Every shape is secretly a radiant body

old fashioned words unapologetic for the crispness of close consonants

and the first click in the finger joint after the needle’s steroid deposit

the slow breaths you coax as counterpoint to anxious thoughts at night

and the spinning echo of clothes tumbling in the dryer

the woody smell of rosemary next to sparse fringes of lavender

and felted caterwauling calls of barred owls

the pale clean stump where a camellia bush used to stand

and the underpattern of roots beneath the grass

a letter that wounds whenever it’s read

and a ransom that won’t ever be paid

the feeling you get looking up into fruiting branches

and the electric hum from cicadas’ tymbals as their torsos contort

peaches that drowned a brown sugar taste in the beer

and your fear of the season’s first slow-moving storms

the fat on the back of a slab of brisket

and the jar of bird chillies in a drawer

the clock on the mantel that never keeps the time

and the piles of small change you keep finding through the house

Flower woman longs for amplitude

~ after “Flower Woman with Soft Piano,” Salvador Dali (1969)
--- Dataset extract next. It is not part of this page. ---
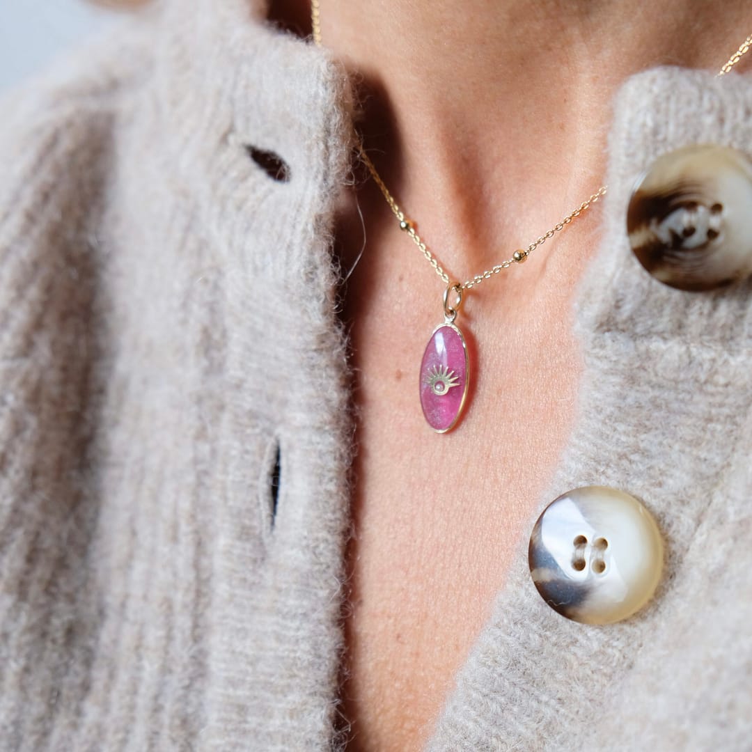 Découvrez notre Médaille Ovale Oeil en Résine Rose Sertie d’une Perle, une pièce unique qui évoque le symbole de la vigilance et la délicatesse de la perle. Chaque médaille est une œuvre d’art, façonnée avec soin pour évoquer la beauté et la rareté de la perle.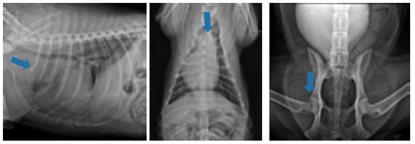 La paciente, una perra Bóxer hembra no castrada de 6 años, fue atendida por presentar un cuadro de cojera de la extremidad posterior derecha de una semana de duración que había mejorado parcialmente con el tratamiento con antiinflamatorios no esteroideos, pero que en los últimos dos días había empeorado y también mostraba tendencia a caminar en círculos y deambular. La presencia de dolor a la extensión de la cadera derecha y a la palpación de la región lumbar craneal fueron las únicas alteraciones en la exploración física general. En el examen neurológico se observaron deficiencias compatibles con una lesión en prosencéfalo derecho: marcha en círculos hacia la derecha, retraso en las reacciones posturales en el lado

If I could roll up my soul, bolt
of blue cloth under an arm; fallen

drape that crumples up then ends
in music— perhaps finally I’d

understand what it means to say
And time stood still. I can’t

remember when last my head erupted
in flowers, when a dream of ice

descended from the skies in foliate
shapes before melting and warming

into streams. Every day, it’s work
to try and widen the ledge on which

I stand. Every day, it’s work
to couple one hook to its eye, one

car to another, then send it off
in the right direction. I would like

to be unshackled from here, to lope
like a thing with young, supple legs

into a field without grids, even
without the accompaniment of music.

Anniversary

It’s long afterward, but still
you want what doesn’t exist anymore—

and so you light a votive, set it
on a leaf to float across the lake’s

dirty surface. Every crack in the pavement
is part of a letter penned in script,

its fissures just wide enough to admit
a trail of insects walking toward the ghosts

of bodies trapped in a cavern below.
They drink from a trickle of rainwater

falling into the basin. They save
a thimbleful of pee for that time no one

speaks of— Please, don’t tell them it’s
over. When you shred a dandelion’s slight

corona in your hand, don’t mention the sound
of buildings collapsing. Don’t tell them

the morgue has run out of sheets, the funeral
parlors have run out of candles and coffins.

 

In response to Via Negativa: Childhood memory.